ACTIVITY ::
In the material below, the lines between the one holding "Šaty sú so šifónovou" and the one holding "This Cookies &", inclusive, are to be set down word for word. Pictures stay out.

WORKING DATA ::
------------
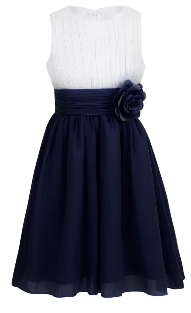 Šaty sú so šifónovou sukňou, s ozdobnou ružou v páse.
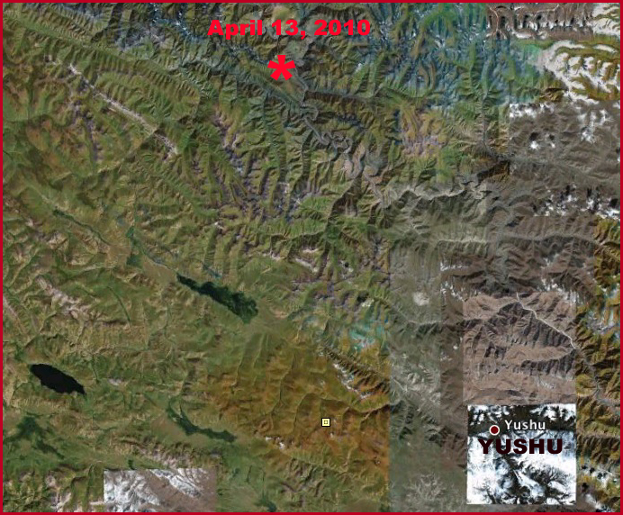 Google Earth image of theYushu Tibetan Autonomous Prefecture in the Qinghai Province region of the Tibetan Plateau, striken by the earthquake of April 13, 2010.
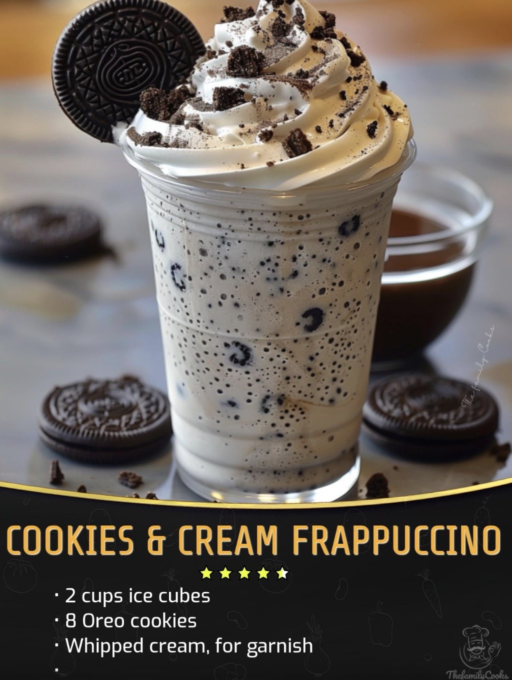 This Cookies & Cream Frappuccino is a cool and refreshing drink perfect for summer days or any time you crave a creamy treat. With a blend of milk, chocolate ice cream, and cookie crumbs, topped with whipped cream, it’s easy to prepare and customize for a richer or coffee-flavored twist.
------------
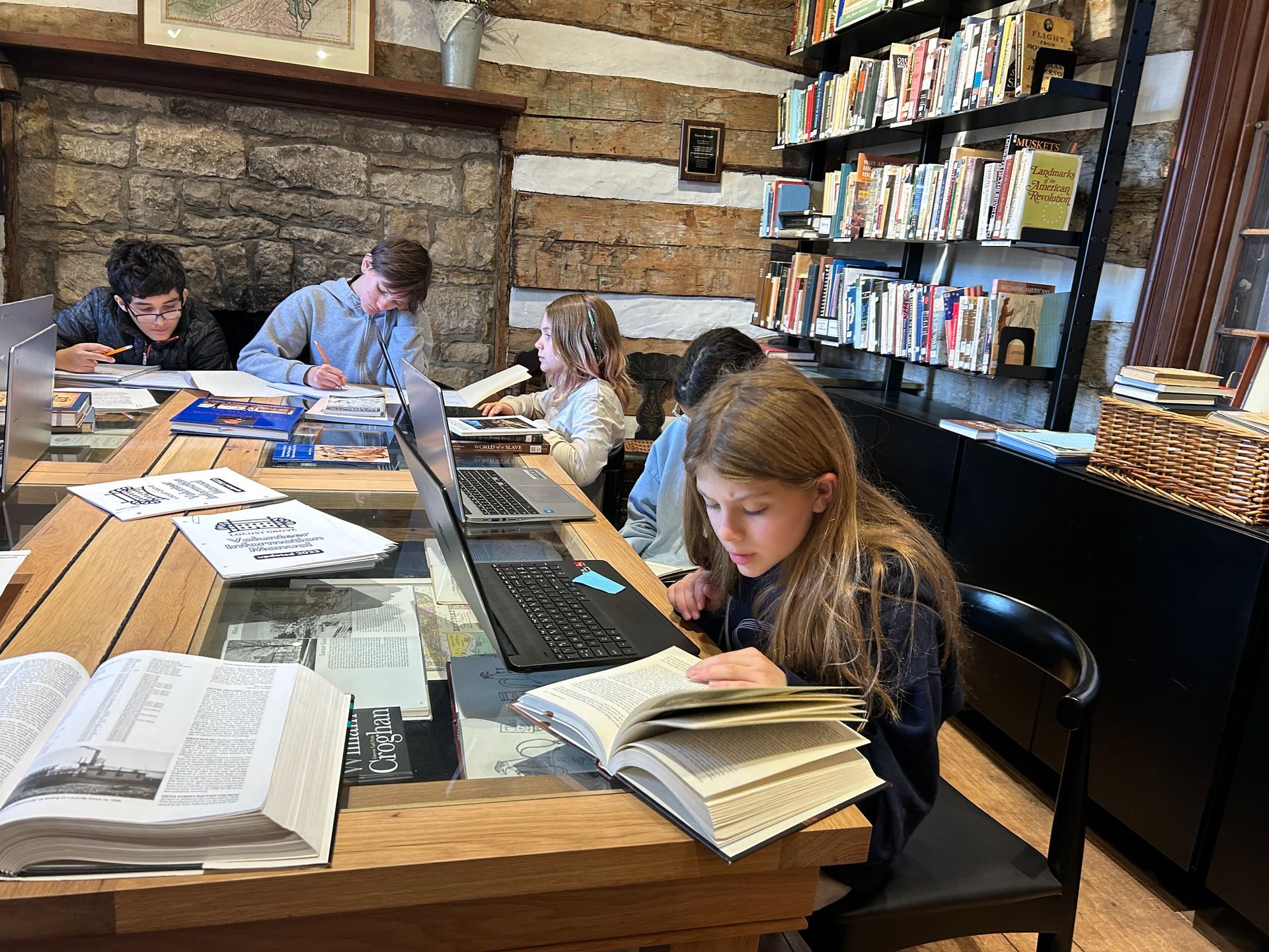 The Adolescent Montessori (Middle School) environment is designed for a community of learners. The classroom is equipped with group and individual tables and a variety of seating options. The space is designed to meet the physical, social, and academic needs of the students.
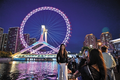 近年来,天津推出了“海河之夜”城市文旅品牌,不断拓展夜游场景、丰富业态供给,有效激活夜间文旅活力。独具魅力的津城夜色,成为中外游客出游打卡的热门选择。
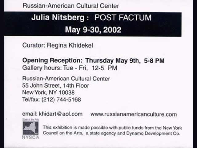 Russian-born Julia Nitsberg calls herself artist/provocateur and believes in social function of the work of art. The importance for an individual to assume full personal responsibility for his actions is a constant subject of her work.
------------
YOUR RESPONSE ::
 Šaty sú so šifónovou sukňou, s ozdobnou ružou v páse.
 Google Earth image of theYushu Tibetan Autonomous Prefecture in the Qinghai Province region of the Tibetan Plateau, striken by the earthquake of April 13, 2010.
 This Cookies & Cream Frappuccino is a cool and refreshing drink perfect for summer days or any time you crave a creamy treat. With a blend of milk, chocolate ice cream, and cookie crumbs, topped with whipped cream, it’s easy to prepare and customize for a richer or coffee-flavored twist.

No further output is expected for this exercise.